2023 Update

This is a personal blog started in 2011. It is no longer active, updated, or maintained. Unfortunately, it appears that I've also irreparably broken some of the links by accident.

03 December 2015

too dry to cry

Content/TW: Gun violence, mass shooting, detailed discussion of ableism and racism (especially against Black and Brown people) surrounding such events, mention of sexual violence, occasional swearing. 

Edit (30 June 2016): I have removed a small section of this post that overall was not relevant to its main points of discussion and did not need to be included.

I haven't written nearly as frequently for Autistic Hoya in the last two years or so as I did for the first few years that this blog existed. It seems that the few times I interrupt my long absences here now are most often for devastating news -- for writing flowing straight from my pain, and sometimes my anger, and often quite a bit of both.

Today, there is too much. Too much.

Today, the top news story in the U.S. is the hours-long mass shooting at the embattled Inland Regional Center in San Bernardino, California. The Inland Regional Center is responsible for providing and coordinating community-based services to over 31,000 people with developmental disabilities (likely including many autistic people) in San Bernardino and Riverside Counties east of Los Angeles. At last count, 14 people are estimated to be killed and 17 additional injured. The shooting went on for hours. So far, we know that the shooting happened inside one of the buildings, at a county-wide event honoring healthcare professionals. We don't know who specifically the attackers targeted because the victims haven't been publicly identified yet. Police have counted three suspects -- two men and a woman.

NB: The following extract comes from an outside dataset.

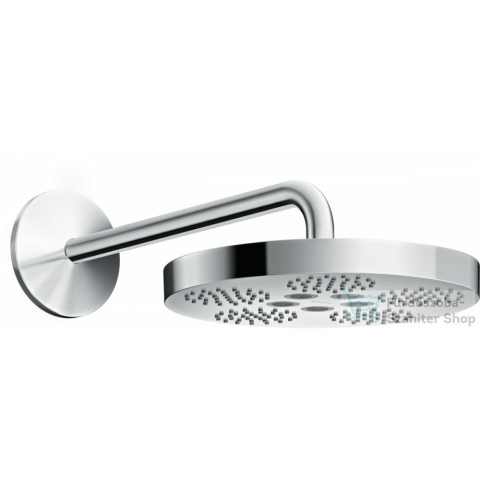 a következőkből áll: fejzuhany, zuhanykar zuhanyfej mérete: 280 mm vízsugár típusa: PowderRain és Rain kombinációban gömbcsukló: állítható fejzuhany dőlésszöge esőztető anyaga: fém zuhanykar hossza 390 mm maximális áramlási sebesség 3 bar nyomáson: 12,3

I learned about the shooting while it was still happening. I was in class.

TASH is hosting its annual conference in Portland, Oregon right now. A friend told me the conference is reeling.

My email inbox has exploded with messages on disability lists reacting in real-time to the attack.

Every time I glance at my phone, I see more news updates scrolling across the mobile browser, telling me police have killed two suspects, are searching an apartment for possible explosives, won't release identities of the dead until next of kin are notified, are speculating about motive.

My Facebook news feed is equal parts horror and disgust and fear and sorrow and anger and brokenness and fragility from this community, these many fractured communities, where I have learned to live and love and suffer and often, to cry.

***

I was going to use "Anti-ableist ways to respond to today's ongoing tragedy in San Bernardino" as the title for this blog post. But it sounds too artificial. Too prepared. Too hollow.

I wanted to write this because I can't stay silent. I can't. Not when those struggling alongside us, those attempting to practice allyship, those not directly impacted by ableism want to know what to say or do. How to react.

We have a saying in culturally autistic spaces -- "I need help reacting to something."

I do. It's nameless things dismantled all over again.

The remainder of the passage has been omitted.